··· Recorded data

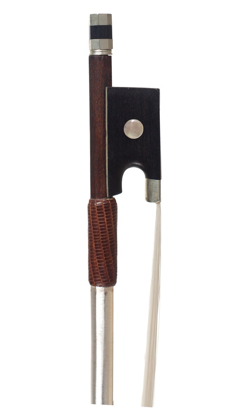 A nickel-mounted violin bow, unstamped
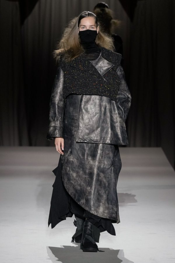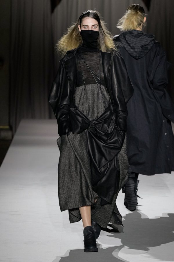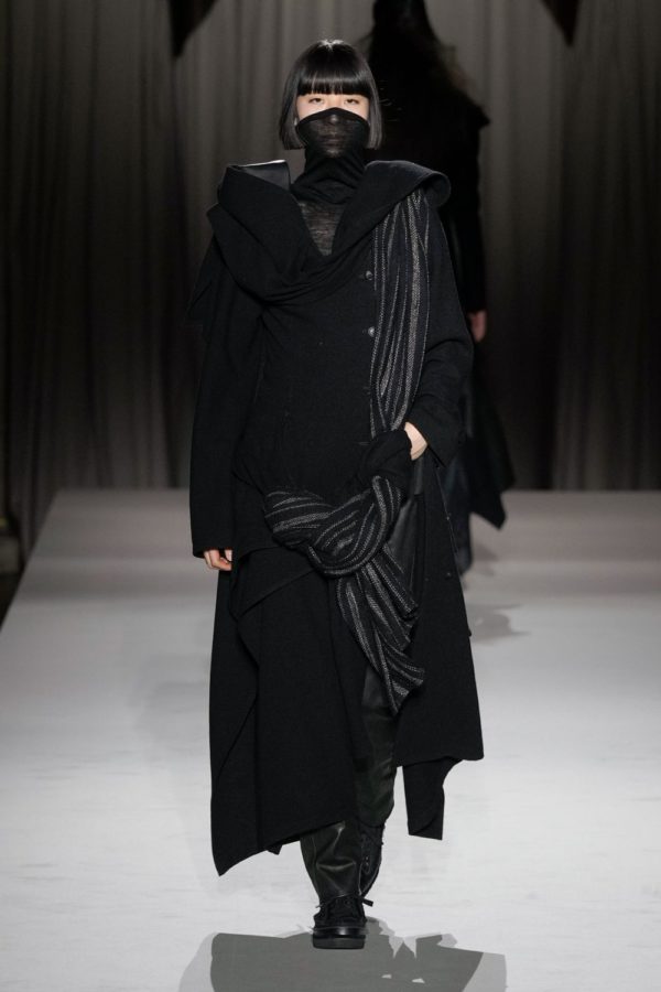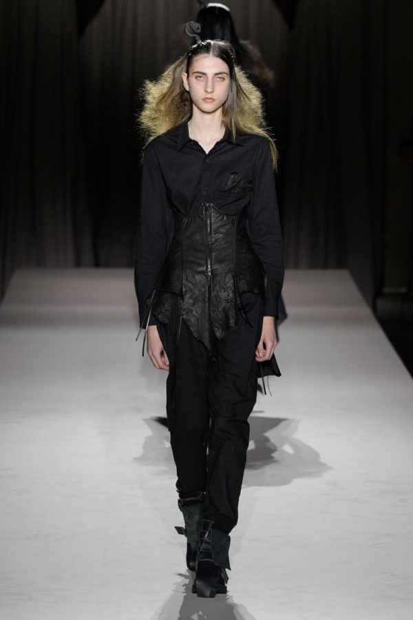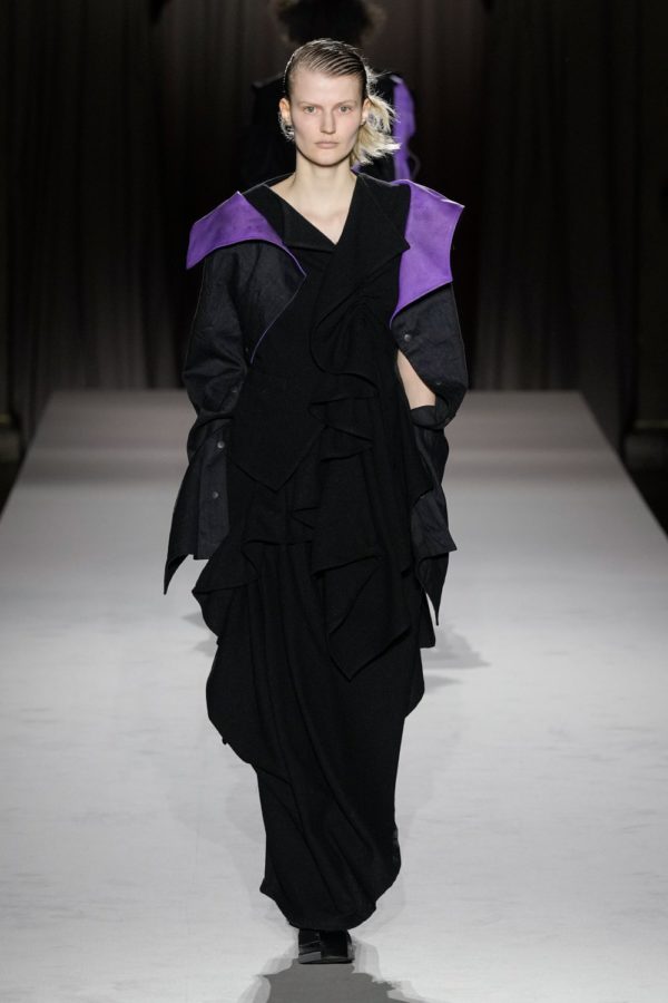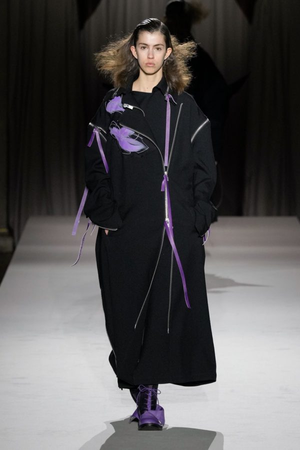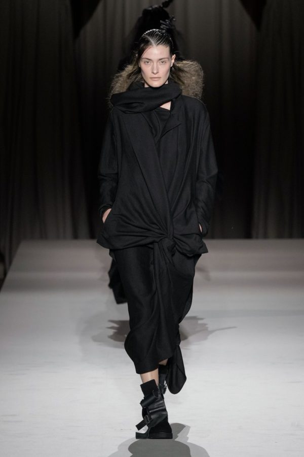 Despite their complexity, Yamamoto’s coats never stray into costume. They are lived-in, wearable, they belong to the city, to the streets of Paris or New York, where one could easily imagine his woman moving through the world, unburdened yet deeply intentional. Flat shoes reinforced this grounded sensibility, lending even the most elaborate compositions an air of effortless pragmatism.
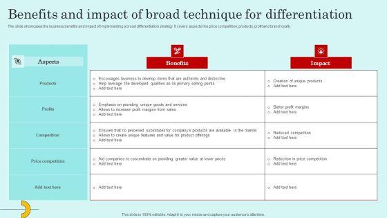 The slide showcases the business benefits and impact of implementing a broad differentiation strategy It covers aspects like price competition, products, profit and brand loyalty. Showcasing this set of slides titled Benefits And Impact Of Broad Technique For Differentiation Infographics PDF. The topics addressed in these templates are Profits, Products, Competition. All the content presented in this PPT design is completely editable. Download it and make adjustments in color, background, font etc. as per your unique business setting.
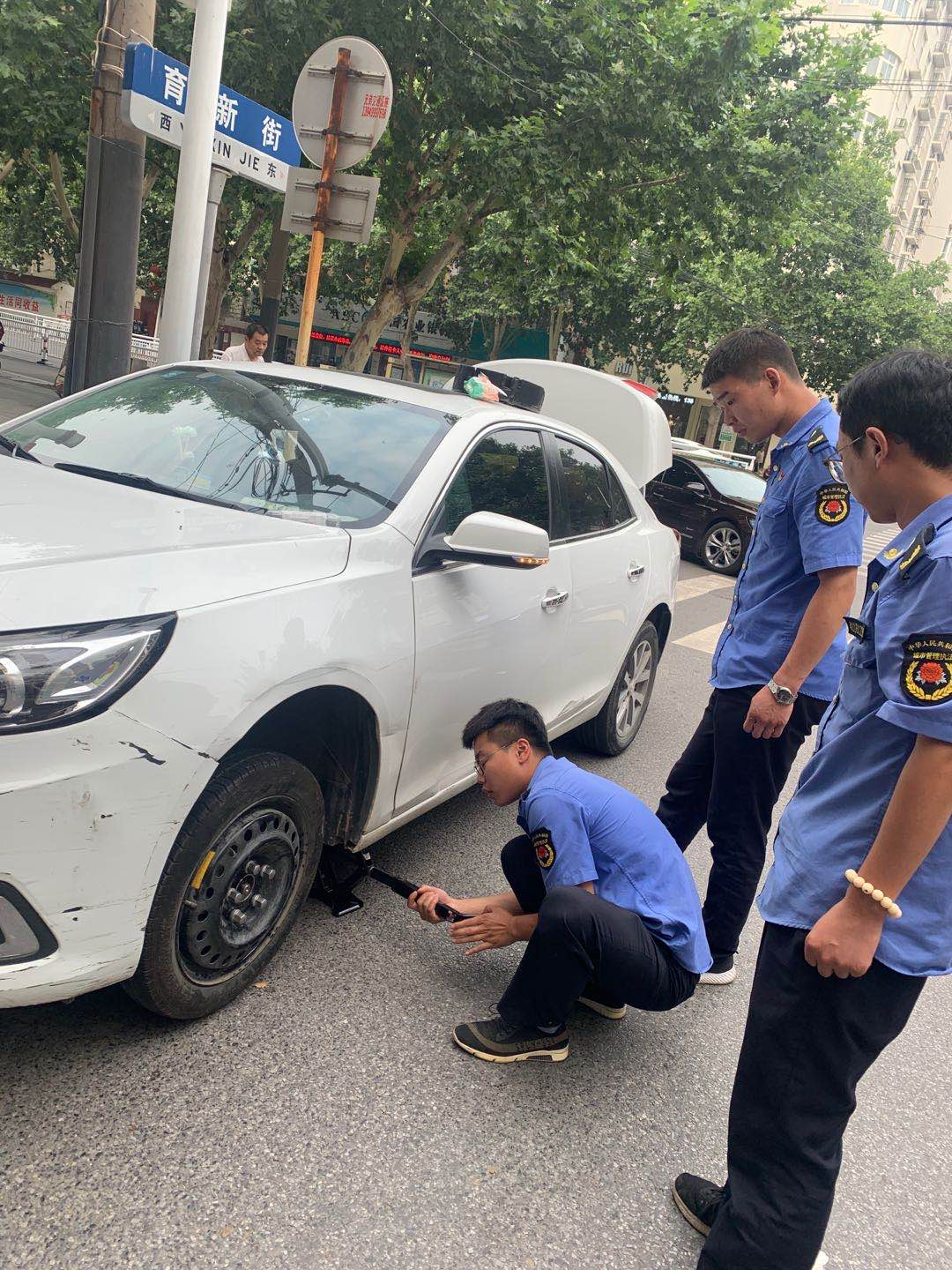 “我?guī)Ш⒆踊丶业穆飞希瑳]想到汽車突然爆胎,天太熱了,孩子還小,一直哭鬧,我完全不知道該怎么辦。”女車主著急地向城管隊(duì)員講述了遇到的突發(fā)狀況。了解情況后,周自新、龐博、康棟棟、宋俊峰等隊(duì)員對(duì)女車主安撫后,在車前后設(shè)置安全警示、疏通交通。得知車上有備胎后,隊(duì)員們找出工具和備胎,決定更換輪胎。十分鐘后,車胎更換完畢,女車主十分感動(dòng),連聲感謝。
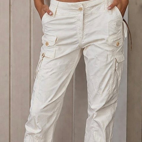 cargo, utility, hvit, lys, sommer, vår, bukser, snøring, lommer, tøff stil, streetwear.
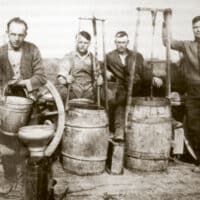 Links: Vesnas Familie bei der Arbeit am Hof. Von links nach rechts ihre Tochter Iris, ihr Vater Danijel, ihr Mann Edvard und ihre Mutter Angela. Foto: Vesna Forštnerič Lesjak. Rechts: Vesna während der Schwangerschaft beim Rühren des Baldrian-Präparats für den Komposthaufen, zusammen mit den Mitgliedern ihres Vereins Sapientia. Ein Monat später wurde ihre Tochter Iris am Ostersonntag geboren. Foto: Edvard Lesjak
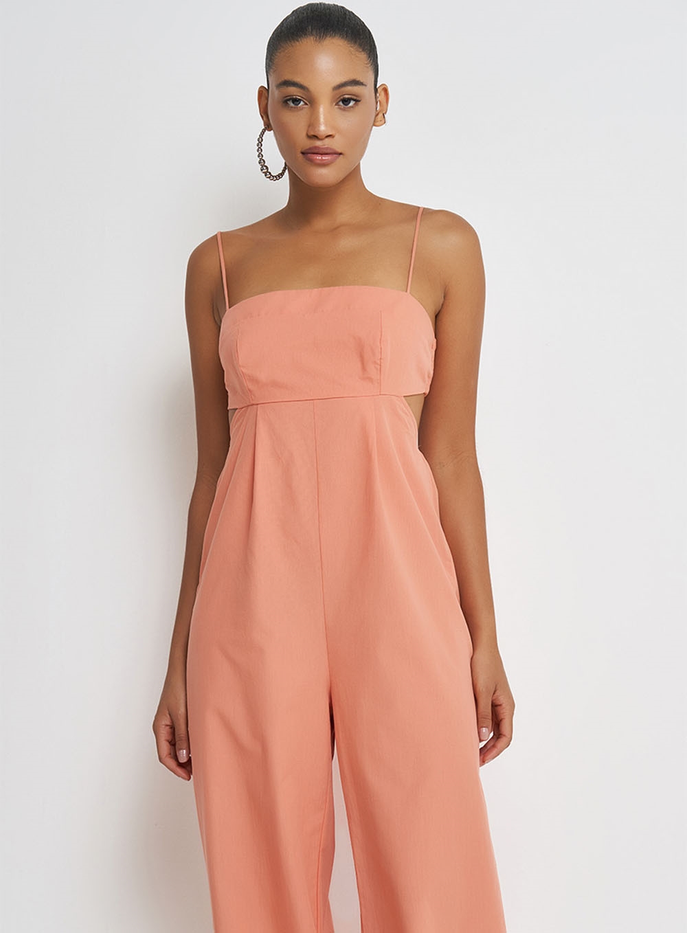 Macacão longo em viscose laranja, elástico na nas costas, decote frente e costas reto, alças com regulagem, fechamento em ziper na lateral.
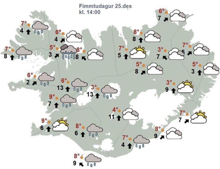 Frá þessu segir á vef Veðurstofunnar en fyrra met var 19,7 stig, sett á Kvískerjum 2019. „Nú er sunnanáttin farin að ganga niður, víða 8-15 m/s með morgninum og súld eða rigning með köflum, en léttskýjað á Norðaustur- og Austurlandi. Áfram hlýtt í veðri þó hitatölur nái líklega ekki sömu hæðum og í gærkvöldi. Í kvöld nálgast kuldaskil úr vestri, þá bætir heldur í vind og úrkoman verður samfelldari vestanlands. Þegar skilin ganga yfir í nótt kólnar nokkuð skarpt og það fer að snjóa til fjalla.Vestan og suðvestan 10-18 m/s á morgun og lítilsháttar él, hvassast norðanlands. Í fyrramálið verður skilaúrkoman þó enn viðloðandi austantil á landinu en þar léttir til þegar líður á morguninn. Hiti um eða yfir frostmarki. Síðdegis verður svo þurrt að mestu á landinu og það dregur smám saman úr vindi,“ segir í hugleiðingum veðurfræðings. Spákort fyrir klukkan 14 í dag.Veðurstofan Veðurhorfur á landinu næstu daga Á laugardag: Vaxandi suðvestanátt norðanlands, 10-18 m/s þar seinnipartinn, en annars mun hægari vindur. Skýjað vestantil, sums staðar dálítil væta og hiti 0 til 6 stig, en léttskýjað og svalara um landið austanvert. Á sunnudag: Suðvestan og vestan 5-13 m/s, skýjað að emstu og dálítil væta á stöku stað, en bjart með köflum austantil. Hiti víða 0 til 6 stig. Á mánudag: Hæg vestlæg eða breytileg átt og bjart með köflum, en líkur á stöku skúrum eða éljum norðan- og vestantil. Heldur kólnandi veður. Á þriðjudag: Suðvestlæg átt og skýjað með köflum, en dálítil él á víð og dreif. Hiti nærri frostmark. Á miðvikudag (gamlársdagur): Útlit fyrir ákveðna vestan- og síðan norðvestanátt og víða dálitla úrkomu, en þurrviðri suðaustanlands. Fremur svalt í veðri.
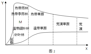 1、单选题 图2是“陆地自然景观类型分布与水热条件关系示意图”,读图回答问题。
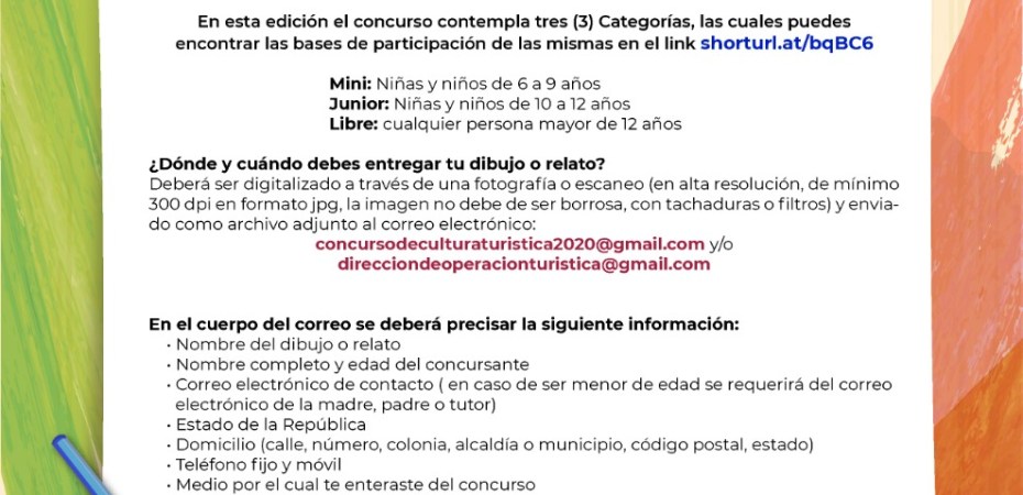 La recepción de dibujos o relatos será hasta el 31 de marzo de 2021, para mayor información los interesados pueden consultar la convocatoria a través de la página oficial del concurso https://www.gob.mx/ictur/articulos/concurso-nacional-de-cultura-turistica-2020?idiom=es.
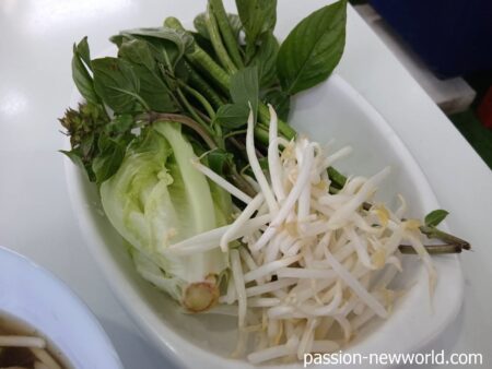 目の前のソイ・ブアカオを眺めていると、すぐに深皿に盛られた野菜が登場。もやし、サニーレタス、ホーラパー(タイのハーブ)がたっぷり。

······

*Work instructions*
After removing the pictures, set down every record above exactly as it stands.

*Result of the task*
 A nickel-mounted violin bow, unstamped
 Despite their complexity, Yamamoto’s coats never stray into costume. They are lived-in, wearable, they belong to the city, to the streets of Paris or New York, where one could easily imagine his woman moving through the world, unburdened yet deeply intentional. Flat shoes reinforced this grounded sensibility, lending even the most elaborate compositions an air of effortless pragmatism.
 The slide showcases the business benefits and impact of implementing a broad differentiation strategy It covers aspects like price competition, products, profit and brand loyalty. Showcasing this set of slides titled Benefits And Impact Of Broad Technique For Differentiation Infographics PDF. The topics addressed in these templates are Profits, Products, Competition. All the content presented in this PPT design is completely editable. Download it and make adjustments in color, background, font etc. as per your unique business setting.
 “我?guī)Ш⒆踊丶业穆飞希瑳]想到汽車突然爆胎,天太熱了,孩子還小,一直哭鬧,我完全不知道該怎么辦。”女車主著急地向城管隊(duì)員講述了遇到的突發(fā)狀況。了解情況后,周自新、龐博、康棟棟、宋俊峰等隊(duì)員對(duì)女車主安撫后,在車前后設(shè)置安全警示、疏通交通。得知車上有備胎后,隊(duì)員們找出工具和備胎,決定更換輪胎。十分鐘后,車胎更換完畢,女車主十分感動(dòng),連聲感謝。
 cargo, utility, hvit, lys, sommer, vår, bukser, snøring, lommer, tøff stil, streetwear.
 Links: Vesnas Familie bei der Arbeit am Hof. Von links nach rechts ihre Tochter Iris, ihr Vater Danijel, ihr Mann Edvard und ihre Mutter Angela. Foto: Vesna Forštnerič Lesjak. Rechts: Vesna während der Schwangerschaft beim Rühren des Baldrian-Präparats für den Komposthaufen, zusammen mit den Mitgliedern ihres Vereins Sapientia. Ein Monat später wurde ihre Tochter Iris am Ostersonntag geboren. Foto: Edvard Lesjak
 Macacão longo em viscose laranja, elástico na nas costas, decote frente e costas reto, alças com regulagem, fechamento em ziper na lateral.
 Frá þessu segir á vef Veðurstofunnar en fyrra met var 19,7 stig, sett á Kvískerjum 2019. „Nú er sunnanáttin farin að ganga niður, víða 8-15 m/s með morgninum og súld eða rigning með köflum, en léttskýjað á Norðaustur- og Austurlandi. Áfram hlýtt í veðri þó hitatölur nái líklega ekki sömu hæðum og í gærkvöldi. Í kvöld nálgast kuldaskil úr vestri, þá bætir heldur í vind og úrkoman verður samfelldari vestanlands. Þegar skilin ganga yfir í nótt kólnar nokkuð skarpt og það fer að snjóa til fjalla.Vestan og suðvestan 10-18 m/s á morgun og lítilsháttar él, hvassast norðanlands. Í fyrramálið verður skilaúrkoman þó enn viðloðandi austantil á landinu en þar léttir til þegar líður á morguninn. Hiti um eða yfir frostmarki. Síðdegis verður svo þurrt að mestu á landinu og það dregur smám saman úr vindi,“ segir í hugleiðingum veðurfræðings. Spákort fyrir klukkan 14 í dag.Veðurstofan Veðurhorfur á landinu næstu daga Á laugardag: Vaxandi suðvestanátt norðanlands, 10-18 m/s þar seinnipartinn, en annars mun hægari vindur. Skýjað vestantil, sums staðar dálítil væta og hiti 0 til 6 stig, en léttskýjað og svalara um landið austanvert. Á sunnudag: Suðvestan og vestan 5-13 m/s, skýjað að emstu og dálítil væta á stöku stað, en bjart með köflum austantil. Hiti víða 0 til 6 stig. Á mánudag: Hæg vestlæg eða breytileg átt og bjart með köflum, en líkur á stöku skúrum eða éljum norðan- og vestantil. Heldur kólnandi veður. Á þriðjudag: Suðvestlæg átt og skýjað með köflum, en dálítil él á víð og dreif. Hiti nærri frostmark. Á miðvikudag (gamlársdagur): Útlit fyrir ákveðna vestan- og síðan norðvestanátt og víða dálitla úrkomu, en þurrviðri suðaustanlands. Fremur svalt í veðri.
 1、单选题 图2是“陆地自然景观类型分布与水热条件关系示意图”,读图回答问题。
 La recepción de dibujos o relatos será hasta el 31 de marzo de 2021, para mayor información los interesados pueden consultar la convocatoria a través de la página oficial del concurso https://www.gob.mx/ictur/articulos/concurso-nacional-de-cultura-turistica-2020?idiom=es.
 目の前のソイ・ブアカオを眺めていると、すぐに深皿に盛られた野菜が登場。もやし、サニーレタス、ホーラパー(タイのハーブ)がたっぷり。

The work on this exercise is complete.